** Opening Data block **
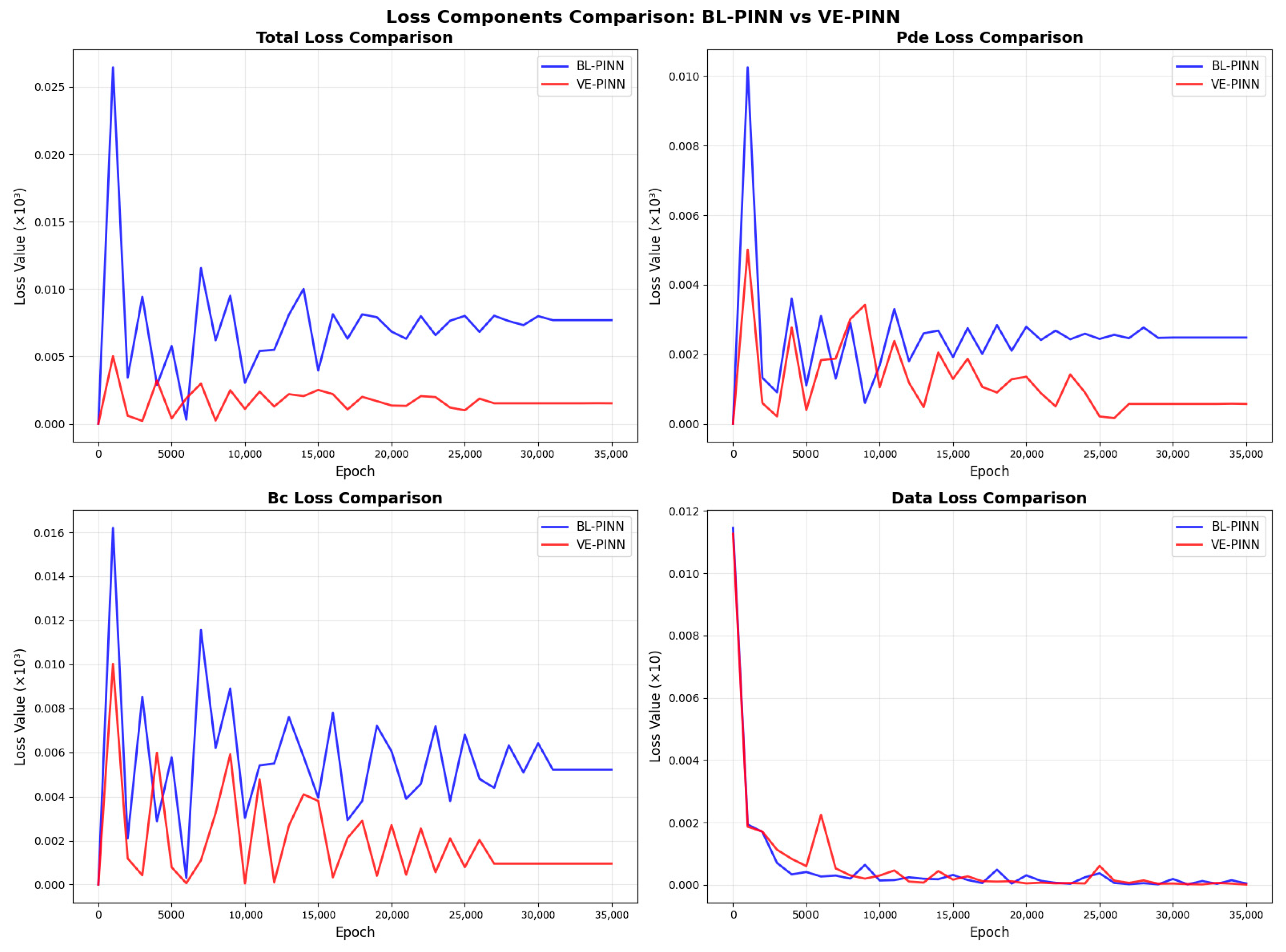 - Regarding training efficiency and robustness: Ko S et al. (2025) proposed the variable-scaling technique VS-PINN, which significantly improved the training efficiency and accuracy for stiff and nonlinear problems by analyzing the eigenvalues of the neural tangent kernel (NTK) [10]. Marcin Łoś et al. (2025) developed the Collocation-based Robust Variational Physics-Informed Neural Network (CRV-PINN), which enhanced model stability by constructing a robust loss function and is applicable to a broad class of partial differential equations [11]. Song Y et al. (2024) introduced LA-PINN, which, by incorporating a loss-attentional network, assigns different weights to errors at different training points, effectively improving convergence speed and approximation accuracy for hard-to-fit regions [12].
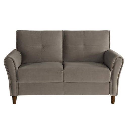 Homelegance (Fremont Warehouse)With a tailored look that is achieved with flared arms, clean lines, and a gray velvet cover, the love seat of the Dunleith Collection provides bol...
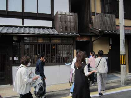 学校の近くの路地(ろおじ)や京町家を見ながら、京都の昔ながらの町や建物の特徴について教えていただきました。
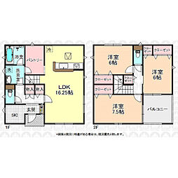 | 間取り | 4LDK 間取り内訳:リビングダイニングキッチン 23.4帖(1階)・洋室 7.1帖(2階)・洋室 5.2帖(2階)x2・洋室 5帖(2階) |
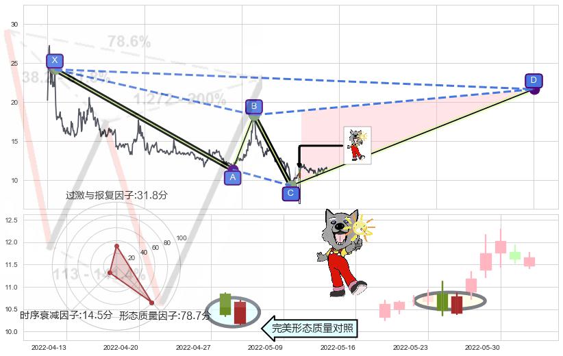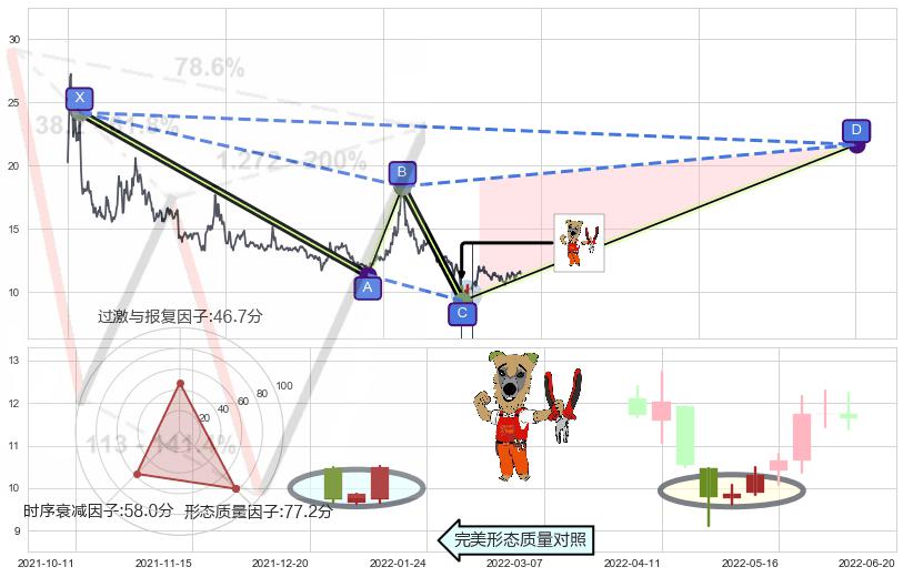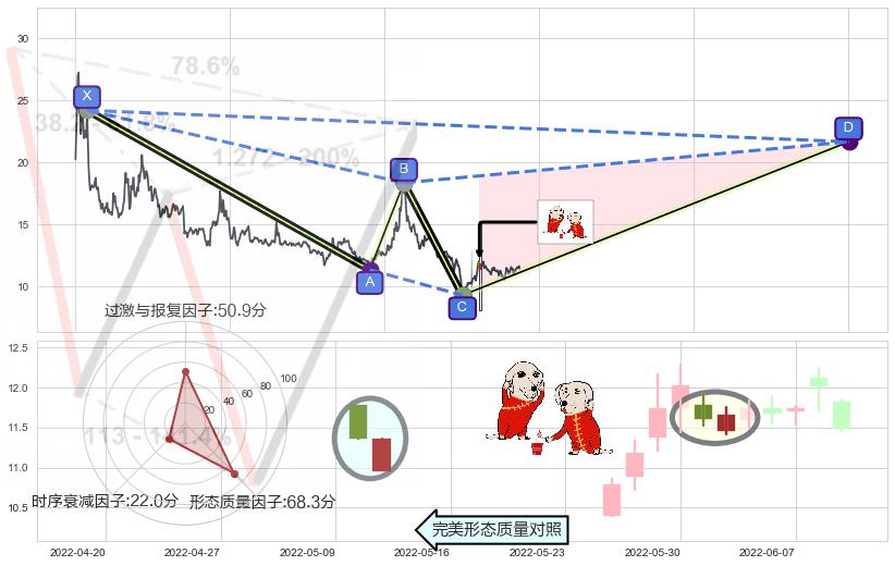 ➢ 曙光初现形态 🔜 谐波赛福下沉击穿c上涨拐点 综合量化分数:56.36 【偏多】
** Closing Data block **
What to work on >> Return the lines exactly as they stand, from the start of the entries through the line holding "学校の近くの路地(ろおじ)や"; omit the pictures.

Response box >>
 - Regarding training efficiency and robustness: Ko S et al. (2025) proposed the variable-scaling technique VS-PINN, which significantly improved the training efficiency and accuracy for stiff and nonlinear problems by analyzing the eigenvalues of the neural tangent kernel (NTK) [10]. Marcin Łoś et al. (2025) developed the Collocation-based Robust Variational Physics-Informed Neural Network (CRV-PINN), which enhanced model stability by constructing a robust loss function and is applicable to a broad class of partial differential equations [11]. Song Y et al. (2024) introduced LA-PINN, which, by incorporating a loss-attentional network, assigns different weights to errors at different training points, effectively improving convergence speed and approximation accuracy for hard-to-fit regions [12].
 Homelegance (Fremont Warehouse)With a tailored look that is achieved with flared arms, clean lines, and a gray velvet cover, the love seat of the Dunleith Collection provides bol...
 学校の近くの路地(ろおじ)や京町家を見ながら、京都の昔ながらの町や建物の特徴について教えていただきました。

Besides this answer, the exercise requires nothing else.